Risk of immune recovery uveitis in patients with AIDS and cytomegalovirus retinitis

Abstract

Objective: To evaluate the prevalence of and risk factors for immune recovery uveitis (IRU) in eyes of patients with AIDS and cytomegalovirus (CMV) retinitis.

Design: Enrollment data from a 19-clinical center cohort study.

Participants: Three hundred seventy-four patients with AIDS and CMV retinitis affecting 539 eyes.

Methods: Patients with AIDS were enrolled at 19 United States AIDS ophthalmology clinics. Data were collected by interview, review of medical records, ophthalmic examination, and phlebotomy.

Main outcome measure: Immune recovery uveitis.

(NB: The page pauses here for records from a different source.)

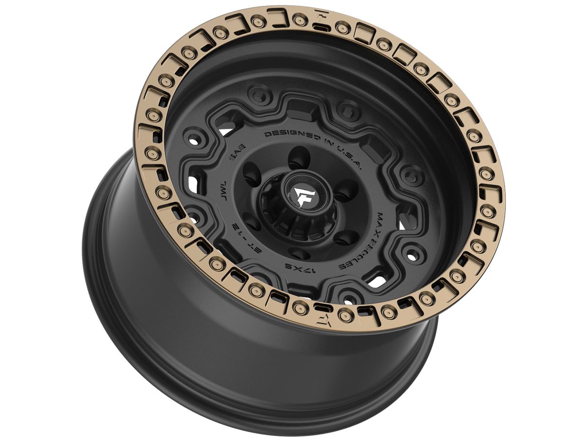 The wheel is covered in a satin black finish that is enhanced by the bronze simulated beadlock ring. The center cap is adorned with the Fittipaldi Off-Road logo to complete the look.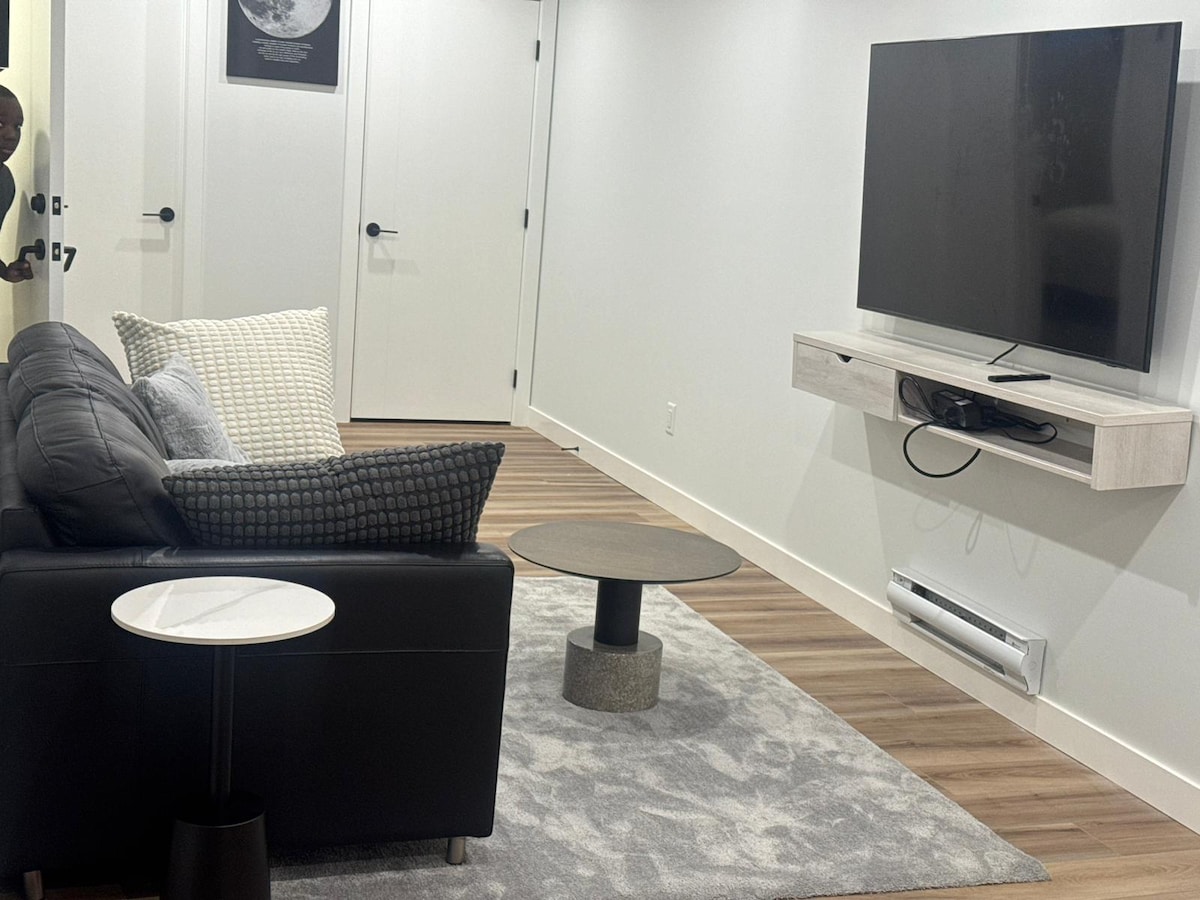 This spacious 1100 sq ft private 3-bedroom basement suite features a king bed, a queen bed, and two twin beds. Enjoy a fully equipped kitchen, dining for six, open-concept living, in-suite laundry, two full bathrooms (including one ensuite), keyless entry, a dedicated workspace, fast reliable Wi-Fi, and smart TVs in every room. This cozy, thoughtfully designed space offers a stylish retreat with all the comforts of home. Perfect for families and groups seeking relaxation in a quiet neighborhood.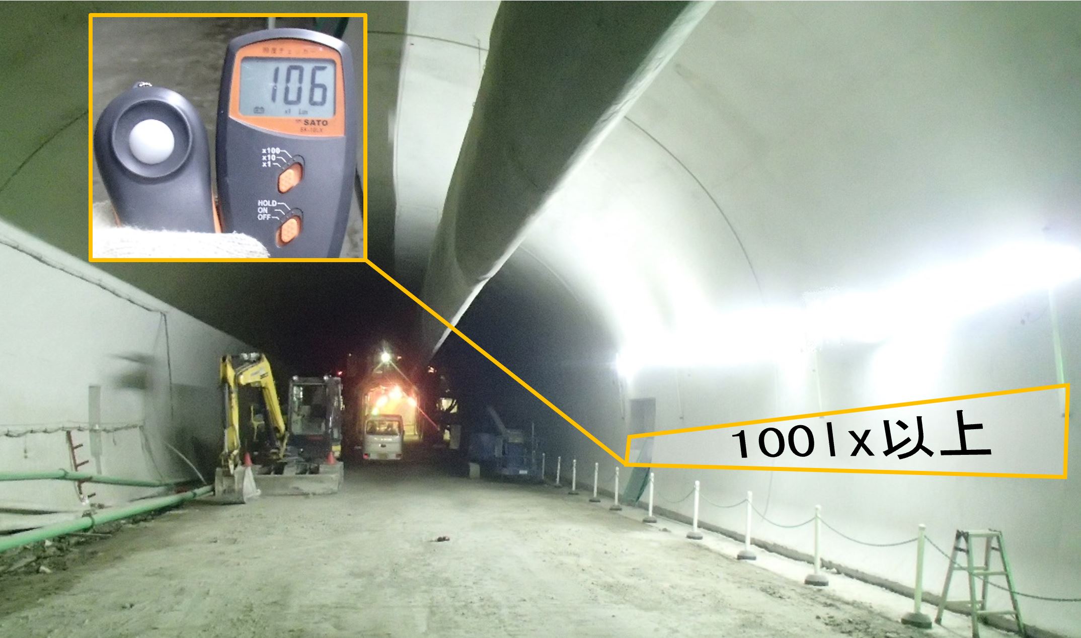 インバーター内蔵型基板と高輝度LED素子を採用し、従来のシリンダーライトと同等な消費電力で、シリンダーライト以上の照度を実現できた。また、当該帯ライトを最大100mまで延伸でき、トンネル工事など長距離線形構造物の照明に便利に対応できるようになった。

Results: Thirty-six patients (9.6%) were diagnosed with IRU involving 50 eyes. The CD4+ T-cell count of 31 of these had risen by > or =50 cells per microliter above nadir to a level > or = 100 cells per microliter (immune recovery), making up 17.6% of the patients known to have immune recovery after diagnosis of CMV retinitis (95% confidence interval, 12.3%-24.1%). No patients with IRU were observed to have active retinitis or detectable CMV DNA in peripheral blood (P<0.001 and P<0.001 with respect to patients without IRU). Other factors associated with IRU were > or =25% retinal area (odds ratio [OR], 2.72; P = 0.014) or posterior pole involvement with CMV retinitis (odds ratio, 0.43; P = 0.039), treatment with intravitreous injection of cidofovir (OR, 10.6 with respect to eyes never exposed to intravitreous or IV cidofovir; P<0.001), and male gender (OR, 0.26; P = 0.012). More eyes with IRU had visual acuity (VA) of 20/50 or worse (38.0% vs. 26.3%, P = 0.077) relative to eyes without IRU, but the proportions with VA of 20/200 or worse were similar (14.0% vs. 13.8%, P = 0.96). Eyes with IRU more commonly had cystoid macular edema (CME) (45.5% vs. 3.7%, P<0.001) and epiretinal membrane (48.9% vs. 13.3%, P<0.001) than eyes without IRU.

Conclusions: Among eyes of patients with immune recovery, the prevalence of IRU is substantial. Eyes with IRU have a high risk of additional morbidity over and above that seen with CMV retinitis, with several-fold higher risk of CME and epiretinal membrane. Large CMV lesions and use of intravitreous cidofovir are risk factors for IRU.